Good Faith is a journey through the lives of the couples that we've met through the Stewart Realty series. We get a glimpse into their lives as couples, but more importantly we follow their children from their pre-teens through to adult their adult years.

Brandis Gordon, Gabriel and Blair Frietag and Lillian Grace Anderson are grow up together. Fight together and learn the true value of friendship and love. Their circle isn't an easy one to follow, but Liz Crowe does a fabulous job of portraying the peaks and valleys of relationships. The four has some incredible highs and lows, but it seemed they were always there for each other, even when they didn't like one another.

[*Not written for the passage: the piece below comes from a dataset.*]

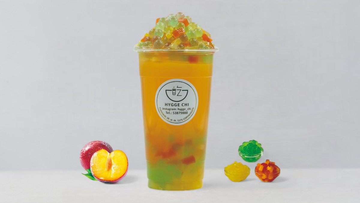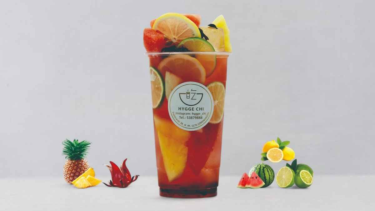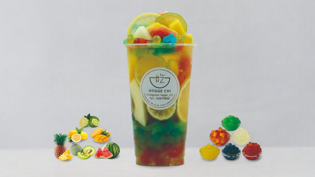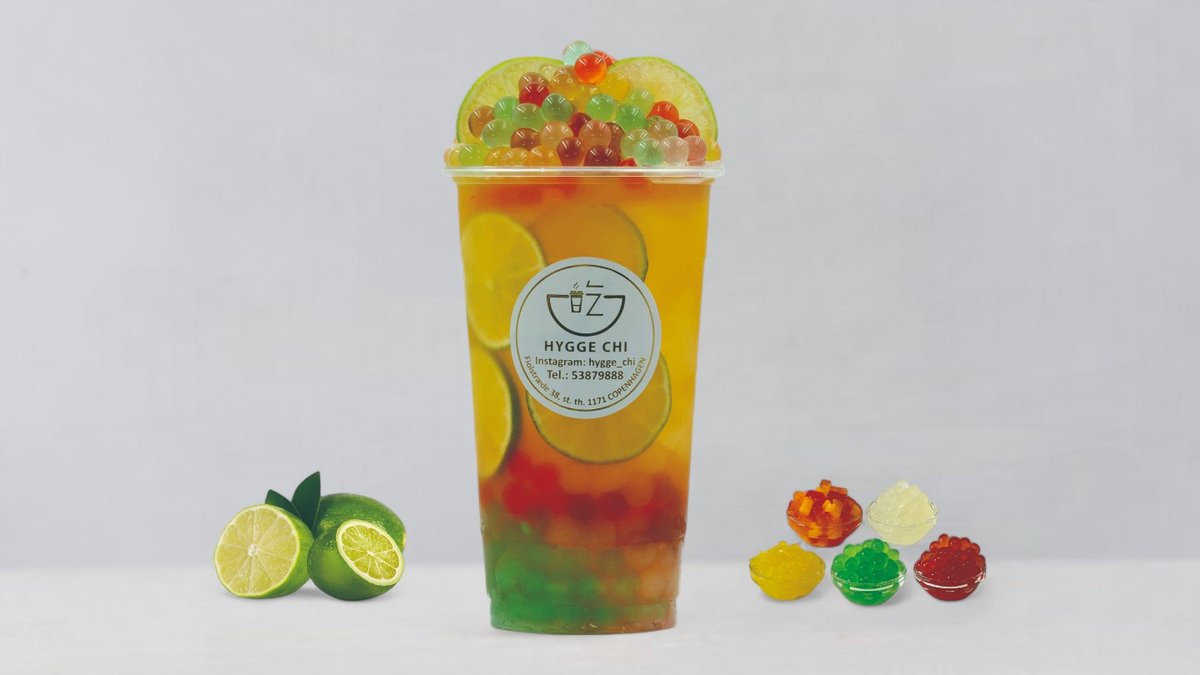 Kold drik lavet på friske sæsonbaserede frugt, øko lime, øko citron, grøn te og sukker. Serveres med op til 6 valgfri boba.

I enjoyed all the characters, but Brandis was one that I still think about. Brandis was a character that ran you through the gamut of emotions. But even when he was bad and you wanted to shake him, he'd say or do something and I'd be ready to forgive him. I could sympathize with Blair with the way she always took him back, because I knew I would. Brandis was very complex and had issues, but he was a good person who needed to get a wake up call to straighten out. The one he got was harsh and terribly heartbreaking, but it was what he needed in the end.

This is definitely a book I highly recommend you pick up (You don't need to have read the Stewart Realty series). Liz Crowe created something very special with this story and it is one, despite being a mess when it was over, that I will definitely be re-reading again.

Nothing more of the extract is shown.